White teas, roasted/fired green teas, and the not so roasted green oolong varieties are my favourites. I enjoy the odd shu puerh too.

Currently looking for the most buttery and sweet green oolong I can find.

Ingredients/flavours I enjoy (in moderation): anise, butter, caramel, cedar, cream, grapefruit, jasmine, lavender, lemon, lilac, lime, maple, marshmallow leaves, melon, mint, orchid, pine, rice, rose, vanilla.

Ingredients/flavours I tend to dislike: apple, cocoa nibs, licorice, marine, peach, stevia

Subjective Rating System 2.0:

91-100: My absolute favourite tea. Will impulsively buy and hoard like a dragon.

86-90: A favourite tea.
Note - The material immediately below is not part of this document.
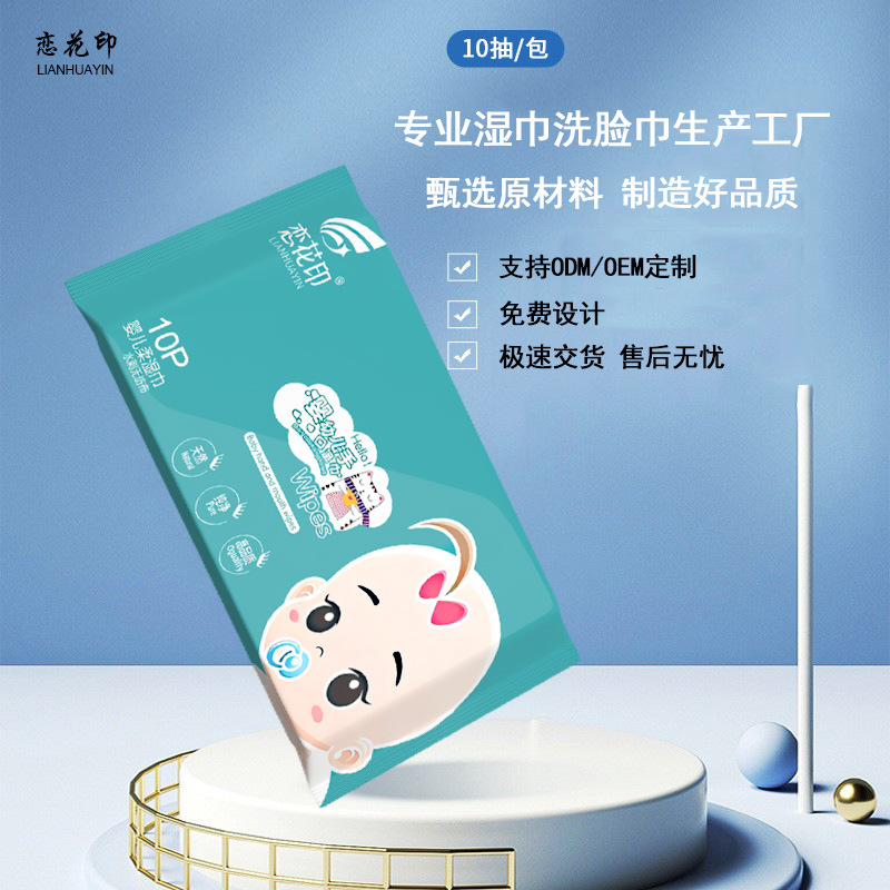 卸売り乳幼児の手の口の清潔なウェットティッシュの子供の使い捨ての赤ちゃんのウェットティッシュの小包は10枚を持ち歩いています。

May have quality flaws that I choose to ignore.

76-85: A lovely tea, maybe of high quality or masterful blending, but not one I’m likely to order again.

70-75: Enjoyable, but I may have few minor problems with quality, consistency, ingredient chemistry and/or personal preferences.

50-69: Quality, consistency, blending, or personal preference problems are apparent, but I wouldn’t pass up a cup.

11-49: Varying levels of undrinkable tea. I don’t give a lot of these ratings out, since I tend to grab teas I know will appeal to me.

1-10: Nightmare tea from the chaos realms. This is last year’s low-grade bancha mixed with rancid coconut, stale cocoa nibs, over-enthusiastic hibiscus, and stevia sweetener. I’m pretty sure it doesn’t exist.